The Tale of Faugheen: Bargain Buy Super-Horse
Buying a horse is obviously a big decision. The process, of course, can be inexpensive or a testament to affluence, but the truth is that there can always be a surprise, regardless of what you pay. For example, The Green Monkey, which at $16,000,000 was the highest priced ever paid for a thoroughbred, never really got his race career going, nor did stud fees in anyway reach expectations.
But, at times, you might get a lot more than you bargained for, as was the case with two Irish brothers who bought a horse for €4,000 (approx. $5,000) in 2008. Ten years later, that horse, Faugheen, is possibly the most famous horse in Irish racing and still going strong at the big UK and Ireland national hunt races.
Mullins knew he had something special
Faugheen changed hands a couple of times and eventually made his way to the stables of Rich and Susannah Ricci. Their best horses are trained by Willie Mullins, arguably the greatest jumps racing trainer of the 21st century. In 2013, as Faugheen made effortlessly won lower grade races in places like Punchestown and Navan, it became clear Mullins had something special on his hands.
The first big test for Faugheen came at the 2014 Cheltenham Festival, where he would take on his first ever Grade 1 contest: the Neptune Investment Management Novices’ Hurdle, which is one of the most important races for novices in British horse racing. Faugheen blew the competition out of the water, landing the win by over 4 lengths in a strong finish.
Faugheen won first 10 races
After that, the goods time rolled in. Faugheen, earning the nickname “The Machine” from adoring Irish punters, racked up win after win, not only going unbeaten but trouncing the opposition in the process. He was a sure thing in every race, a betting lock. In 2015, he returned to Cheltenham to triumph in the Champion Hurdle – his biggest win to date. By that time, they were talking about Faugheen being potentially one of the greatest hurdlers in history.
At the end of 2015, something very strange happened – Faugheen came second in a race. The connections put it down as something of a blip and, indeed, he racked up a couple of wins soon after. But all was not well when he was pulled from the 2016 and 2017 Cheltenham Festivals. Rumours abounded about his injuries. Comebacks were made and fell flat. Faugheen entered the 2018 Champion Hurdle and was soundly beaten. The Machine had broken down. Faugheen was finished.

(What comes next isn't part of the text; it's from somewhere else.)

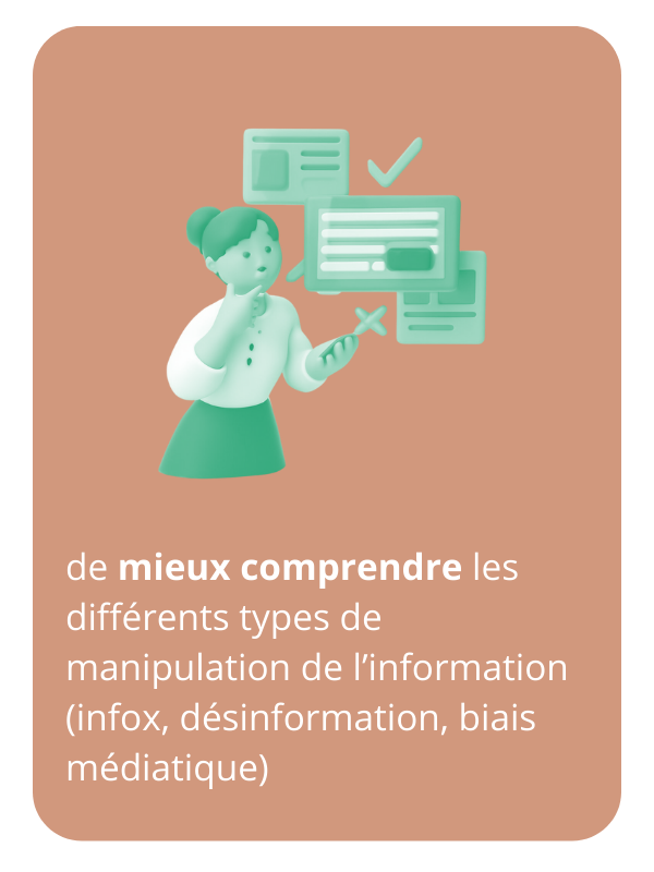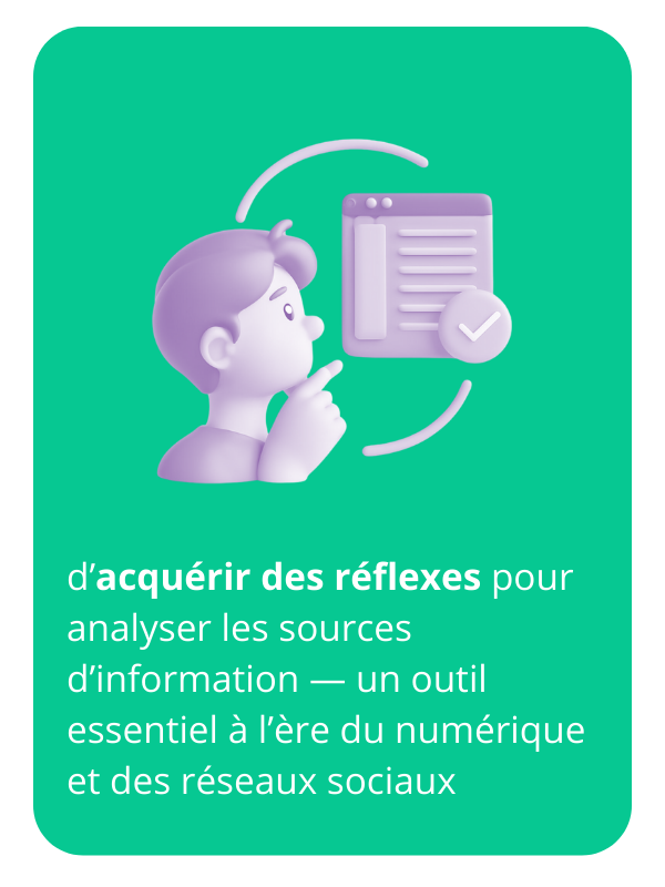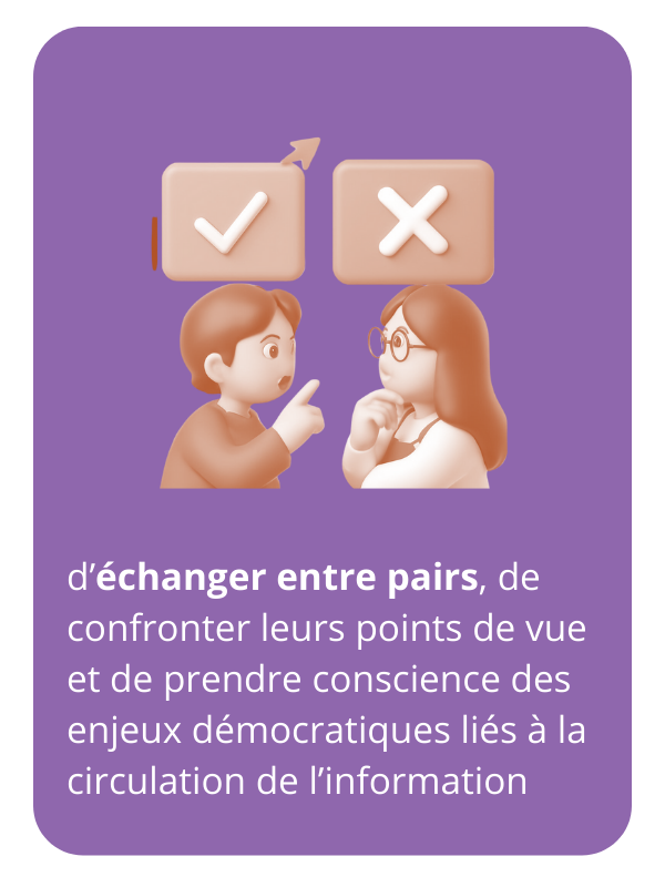 L’objectif de cet atelier : faire découvrir, de façon ludique et participative, les mécanismes de la désinformation, apprendre à repérer les faux contenus, discerner faits et opinions, et réfléchir aux enjeux de la confiance dans les médias et les institutions.

Faugheen backed to win at Cheltenham next year
Or was he? A month later, rather surprisingly, Faugheen was brought back to contest the Grade 1 Irish Stayers’ Hurdle in Punchestown, run over a longer distance that what Faugheen had been used to in the past. Faugheen won by an astonishing 13 lengths and changed the discourse of the new national hunt season’s horse racing betting. He is now 5/1 favorite with Betway for the 2019 Stayers’ Hurdle at the Cheltenham Festival, ahead of 7/1 shot Penhill (whom Faugheen beat by 13 lengths in that comeback race). There is even a market of 25/1 for Faugheen to return to the Champion Hurdle next year.
One thing to note about Faugheen is that, when at his best, he has that x-factor quality that delights horse racing fans, like a sixth-sense knowing when to turn it on. To see him accelerating away from the field is something special. It charges the crowds at the races, gives goose bumps to those watching greatness in action. Faugheen’s fans, and there are many, will be hoping that the soon-to-be 11-year-old can dazzle one last time at Cheltenham next year.
In horse racing terms, this is all a fairy tale story, one that could easily have never been. What if the pair of brothers had not started the chain events that led Faugheen to the Ricci family? What if Willie Mullins had never taken the horse under his assured hand? What if Faugheen hadn’t spent his peak years fighting injury? Ireland’s race horse industry is a multi-billion dollar one, creating some of the greatest of all time on the flat and over jumps. But, Irish racing fans also love a story of glory and failure, and subsequent redemption: Faugheen is still telling that story today.